YOUR OBJECTIVE: Should the listing contain images, exclude them; give the rest again exactly.

SUPPLIED MATERIAL:

########

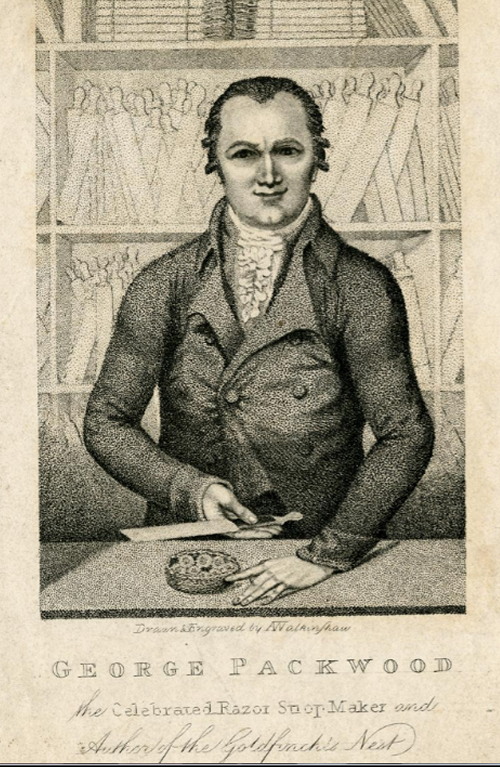 „George Packwood, The selebrated strop maker” „Джордж Паквуд, знаменитый производитель ремней” 1796 г. На заднем плане, на полках много колодочных ремней: И сново A. Walkinshaw (работал в периоде 1796-1810 гг.). А. Уолкиншоу - британский портретный гравер. „Mr. George Packwood” „Господин Джордж Паквуд” На столе колодочные ремни и непонятные цилиндрики, наверное паста: С 2013 г. с кайфом бреюсь опасной бритвой пять раз в неделю, в три прохода.
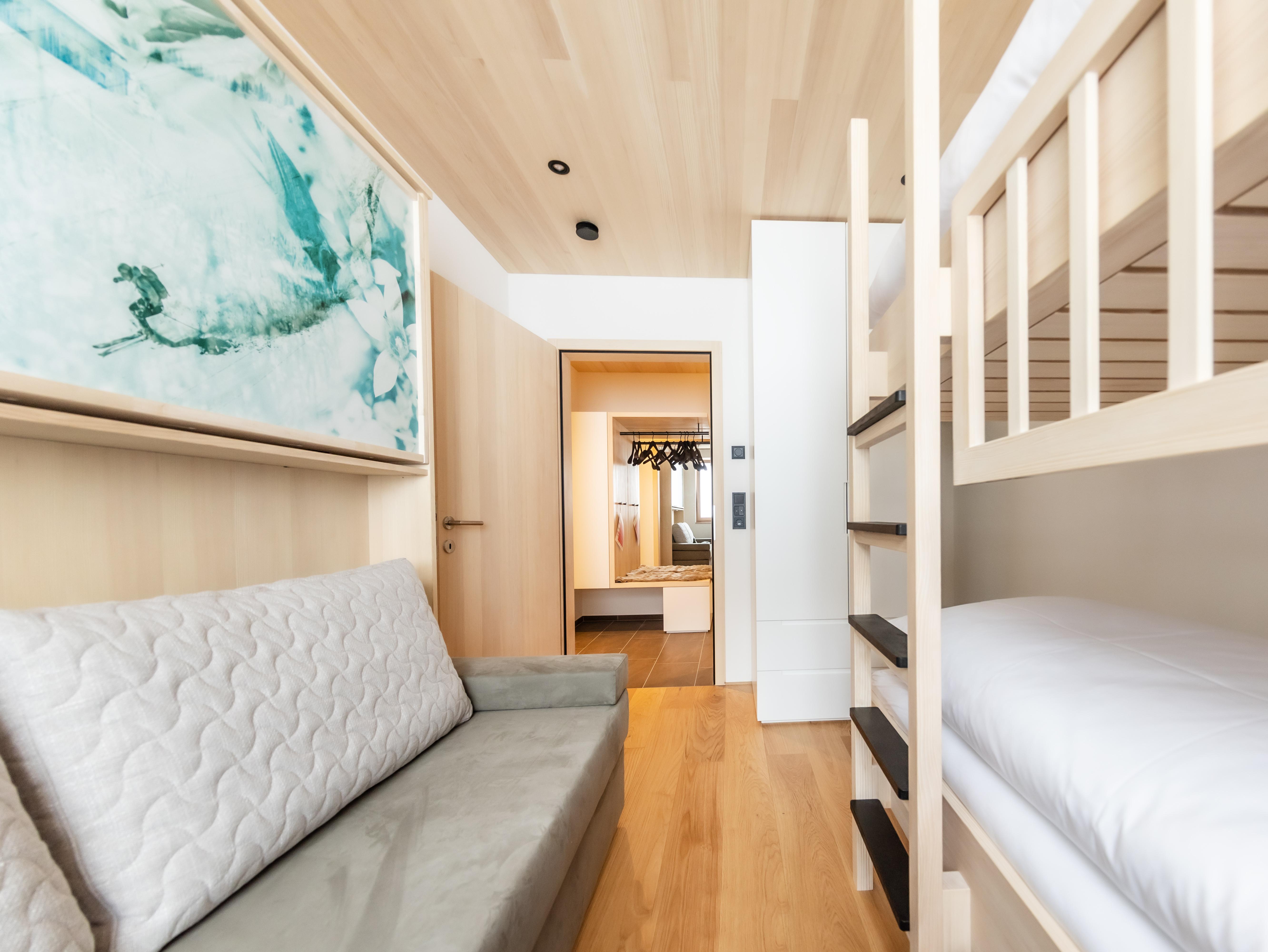 Das Appartement hat 2 Schlafzimmer. Eines mit 1 Doppelbett und ein Schlafzimmer mit 1 Stockbett und 1 Einzelbett.
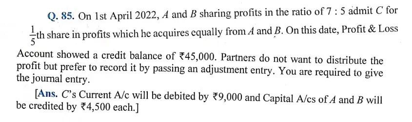 Solution of Question Number 85 Admission of a Partner DK Goel ISC for 2024 Examinations
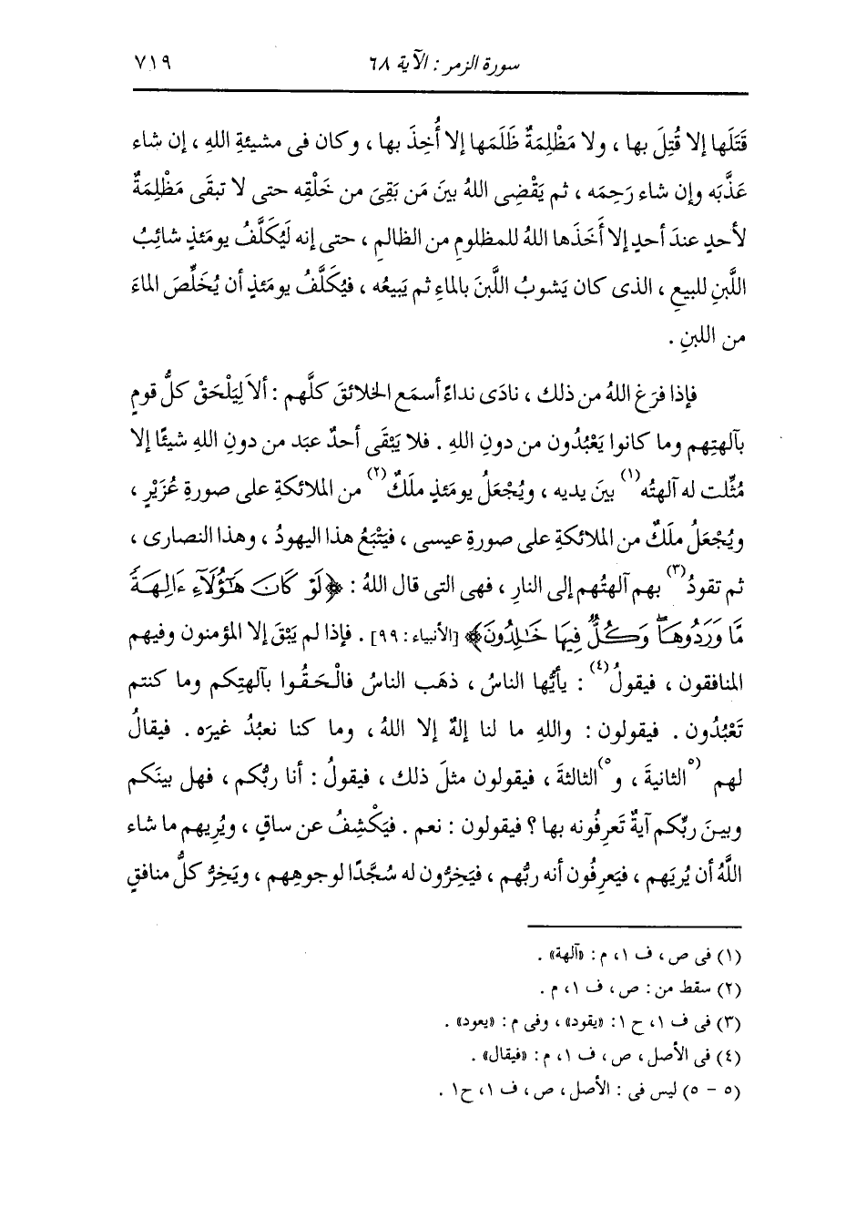 قتلها إلا قتل بها ولا مظلمة ظلمها إلا أخذ بها ، وكان في مشيئة الله تعالى إن شاء عذبه وإن شاء رحمه ثم يقضي الله بين من بقي من خلقه حتى لا يبقى مظلمة لأحد عند أحد إلا أخذها الله تعالى للمظلوم من الظالم ، حتى إنه ليكلف يومئذ شائب اللبن للبيع الذي كان يشوب اللبن بالماء ثم يبيعه فيكلف أن يخلص اللبن من الماء ، فإذا فرغ الله من ذلك نادى نداء أسمع الخلائق كلهم : ألا ليلحق كل قوم بآلهتهم وما كانوا يعبدون من دون الله ، فلا يبقى أحد عبد من دون الله شيئا إلا مثلت له آلهة بين يديه ويجعل يومئذ من الملائكة على صورة عزير ويجعل ملك

########

RESPONSE BELOW:
 „George Packwood, The selebrated strop maker” „Джордж Паквуд, знаменитый производитель ремней” 1796 г. На заднем плане, на полках много колодочных ремней: И сново A. Walkinshaw (работал в периоде 1796-1810 гг.). А. Уолкиншоу - британский портретный гравер. „Mr. George Packwood” „Господин Джордж Паквуд” На столе колодочные ремни и непонятные цилиндрики, наверное паста: С 2013 г. с кайфом бреюсь опасной бритвой пять раз в неделю, в три прохода.
 Das Appartement hat 2 Schlafzimmer. Eines mit 1 Doppelbett und ein Schlafzimmer mit 1 Stockbett und 1 Einzelbett.
 Solution of Question Number 85 Admission of a Partner DK Goel ISC for 2024 Examinations
 قتلها إلا قتل بها ولا مظلمة ظلمها إلا أخذ بها ، وكان في مشيئة الله تعالى إن شاء عذبه وإن شاء رحمه ثم يقضي الله بين من بقي من خلقه حتى لا يبقى مظلمة لأحد عند أحد إلا أخذها الله تعالى للمظلوم من الظالم ، حتى إنه ليكلف يومئذ شائب اللبن للبيع الذي كان يشوب اللبن بالماء ثم يبيعه فيكلف أن يخلص اللبن من الماء ، فإذا فرغ الله من ذلك نادى نداء أسمع الخلائق كلهم : ألا ليلحق كل قوم بآلهتهم وما كانوا يعبدون من دون الله ، فلا يبقى أحد عبد من دون الله شيئا إلا مثلت له آلهة بين يديه ويجعل يومئذ من الملائكة على صورة عزير ويجعل ملك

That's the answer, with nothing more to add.